**** Data for this task ****
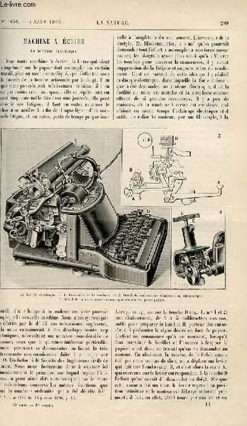 La nature n° 1658 - Machine a écrire par G.C.- Viseur Rationnels - Le Vent et les arbres par L.R - Les Lignes française d'accès au Simplon par M.J - L'ostréiculture au Japon par P de M - Une Curieuse Plaque Tournante par D.L - Bateau de sauvetage
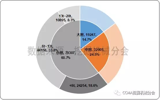 2017年國內(nèi)大挖、中挖、小挖銷量分別為19247、32005、和79307臺,市場份額分別為14.7%、24.5%和60.7%。小于6噸的微型挖掘機(jī)和6~13噸的小型挖掘機(jī)占據(jù)國內(nèi)超過一半的市場份額。
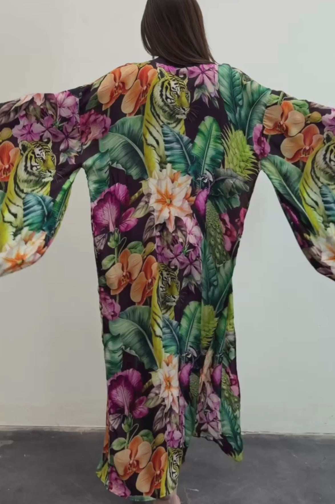 The niLuu vegan silk kimono comes in one size and will beautifully fit nearly all. For reference, length of kimono is 137cm/ 54" and model measurements are:
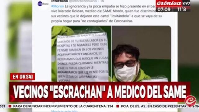 "Hola vecino Dr Marcelo Roldan. Sabemos de tu buena la labor en el hospital y se agradece,pero debe pensar también en los vecinos. Aquí hay niños y ancianos. Le pediríamos que busque un lugar donde pueda quedarse mientras pase el virus Covid-19. Le rogaríamos que lo piense por el bienestar de las familias vecinas. Muchas gracias. Atte. Los vecinos"
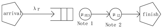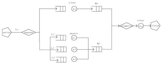- At , the hoist completes its operation and reaches the convergence point. This process requires the shuttle to complete the pickup operation and move to the entrance of the aisle; then, the service rate of this process is .
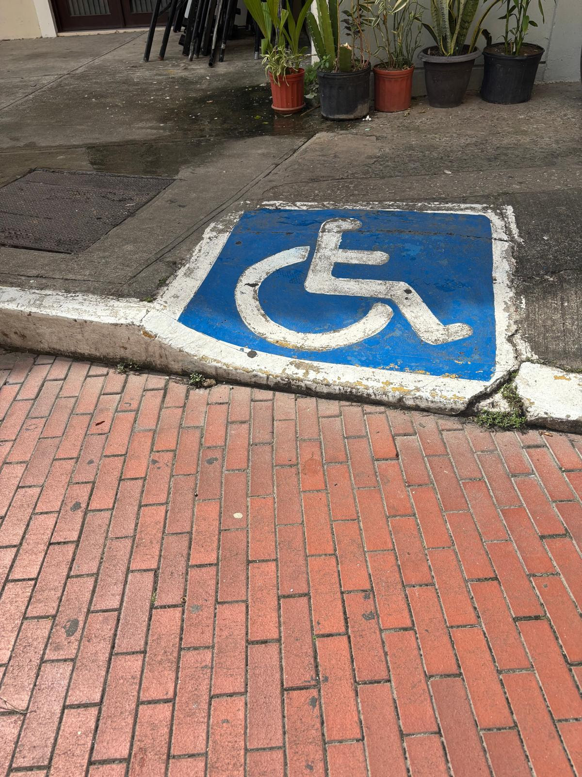 The curb ramp was located in the Old Part of Panama called Casco Viejo. It was a good attempt, although the change in level at the bottom of the ramp was higher than 1/4″ and makes it difficult for a person in a wheelchair to use it without assistance.
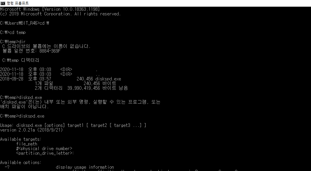 - ‘diskspd.exe /?’ 명령을 이용하여 전체 옵션을 확인할 수 있습니다.
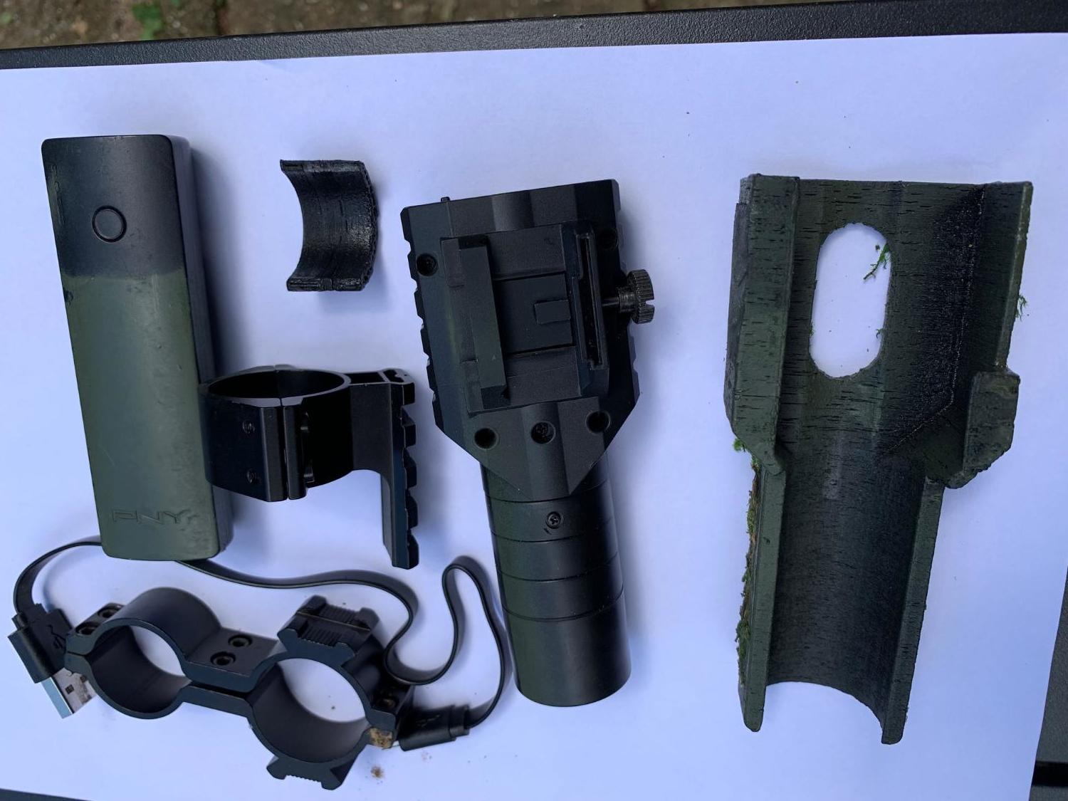 In perfect working order, complete with external power pack for extra run time, 3D printed cover, and mounting brackets for camera and power pack.
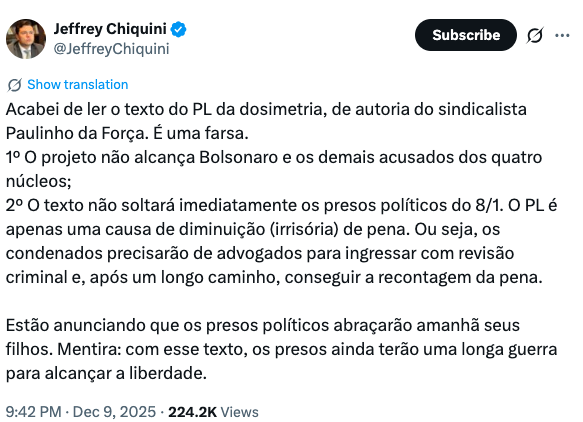 - Redução específica para quem atuou em “contexto de multidão”: Cria dispositivo para diminuição de um terço a dois terços da pena a réus que participaram sem exercer liderança ou financiar as mobilizações, reconhecendo o “calor do momento” em atos coletivos.
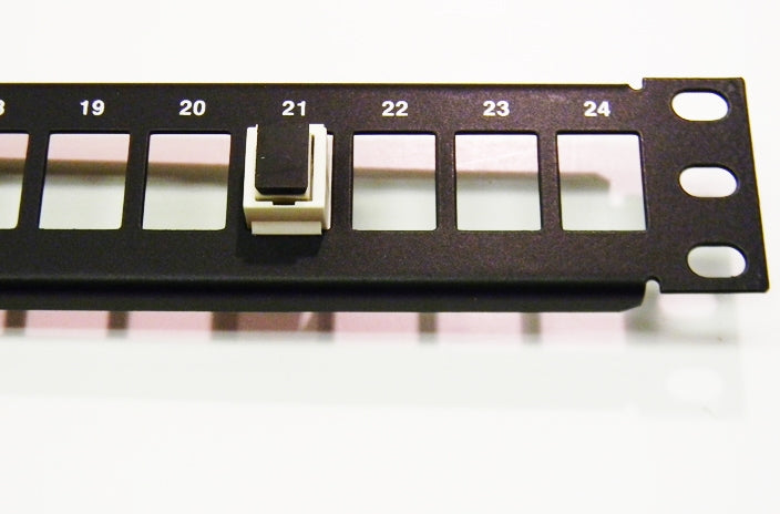 Ortronics OR-SPKSU24 unloaded 24-port TechChoice patch panel is a 1U black multimedia patch panel that accepts keystone style, data, voice, AV and other media modules. Ortronics OR-SPKSU24 TechChoice patch panels combine the reliability and ease of installation  with performance and rugged construc­tion to provide a cost-effective option for communications technicians. All terminations done from rear of panel.
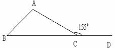 6、如下图,∠ACD=1550,∠B=350,则∠A= 度。
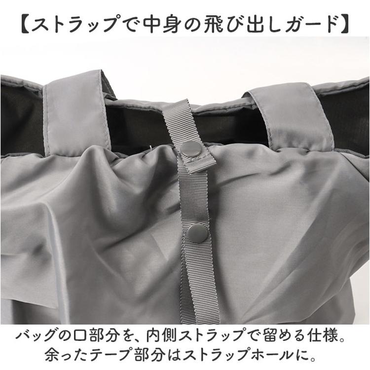 ・シワになりにくく折りたたんでストラップボタンでひとまとめ。エコバッグやサブ使いも☆
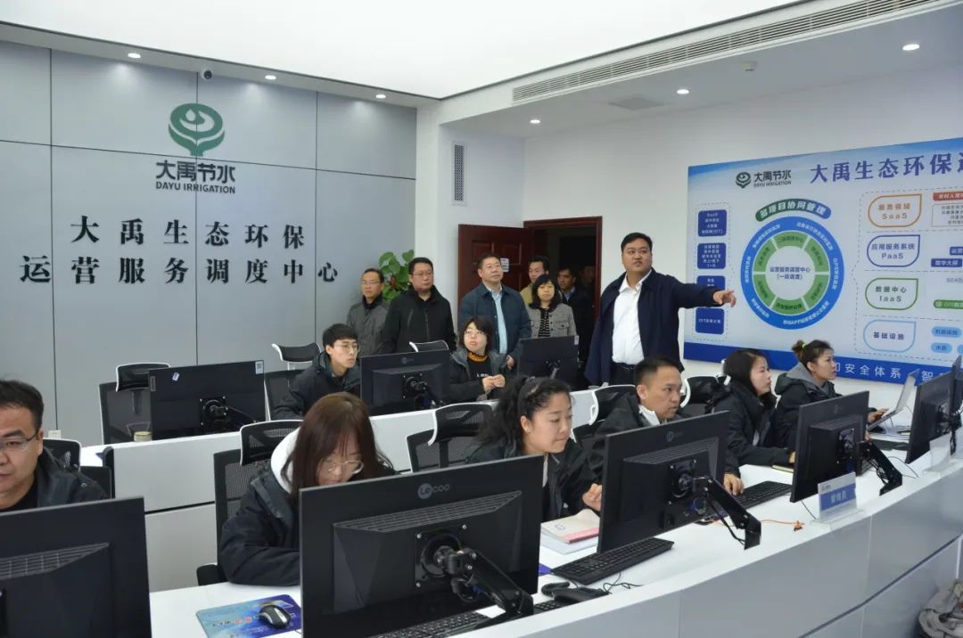 在大禹节水产业园,蒋牧宸主任一行先后考察调研了大禹节水产业园文化展厅、运营调度中心、智能测控设备制造车间、现代化智慧灌区模拟示范中心、现代化灌区量测装备制造车间以及精量灌溉装备制造车间等多个区域。通过实地考察,全面了解了大禹节水集团的发展历程、大禹节水产业园区的建设及运营情况。
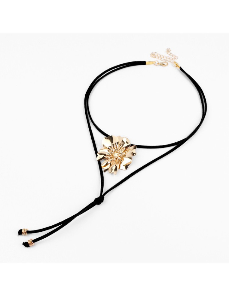 Collar de doble gamuza con dije exclusivo con forma de flor y terminales en punteras.
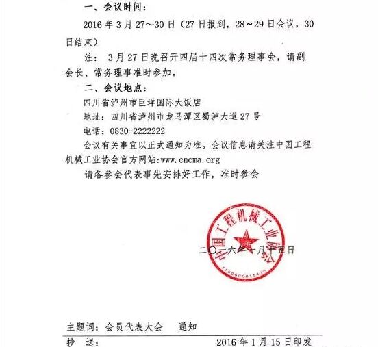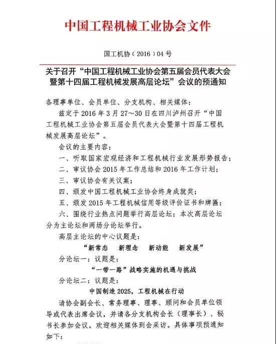 茲定于2016年3月27日~30日在四川瀘州召開(kāi)“中國(guó)工程機(jī)械工業(yè)協(xié)會(huì)第五屆會(huì)員代表大會(huì)暨第十四屆工程機(jī)械發(fā)展高層論壇”。
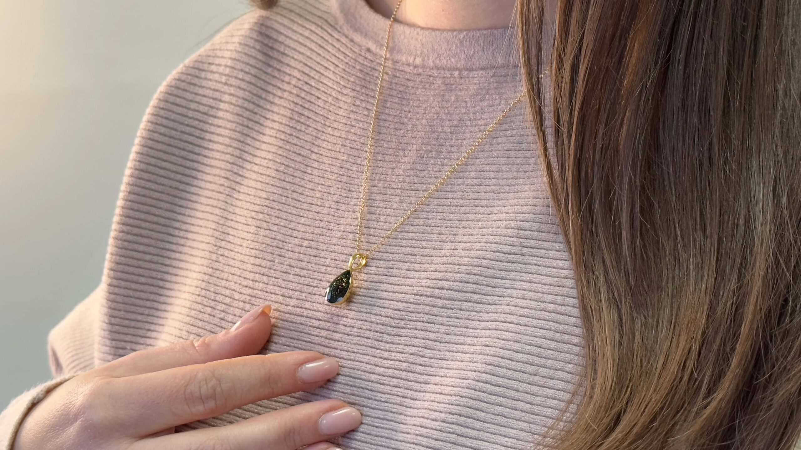 Zawieszka w kształcie łezki wykonana ze srebra próby 925 (pozłacane) z wbudowanym mikrochipem NFC, na którym umieścimy Twój filmik.
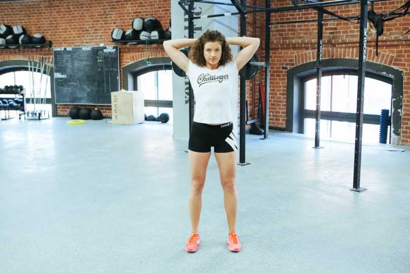 - Стойте прямо, ноги на ширине плеч. Поднимите руки и разведите в стороны.
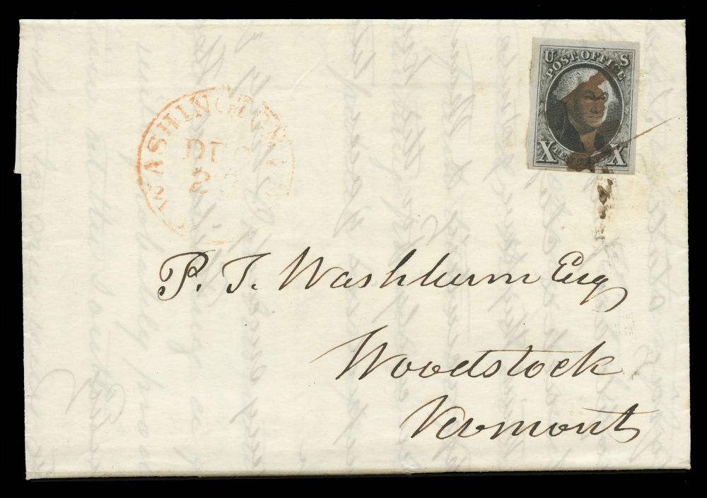 (2) 1847 10c black, wide margins on all sides, tied by a manuscript pen cancel on a FL datelined December 21, 1850, red Washington D.C. Dec 23 cds at left, addressed in the hand of Hiland Hall to Peter T. Washburn in Woodstock, Vt., contents include a complete three-page letter written by Hall, offe
****
Aim of the task: Once the line with "Collar de doble" is found in the data above, reproduce it and each line after it exactly, through the line with "Zawieszka w kształcie". Omit the pictures.

Task solution:
 Collar de doble gamuza con dije exclusivo con forma de flor y terminales en punteras.
 茲定于2016年3月27日~30日在四川瀘州召開(kāi)“中國(guó)工程機(jī)械工業(yè)協(xié)會(huì)第五屆會(huì)員代表大會(huì)暨第十四屆工程機(jī)械發(fā)展高層論壇”。
 Zawieszka w kształcie łezki wykonana ze srebra próby 925 (pozłacane) z wbudowanym mikrochipem NFC, na którym umieścimy Twój filmik.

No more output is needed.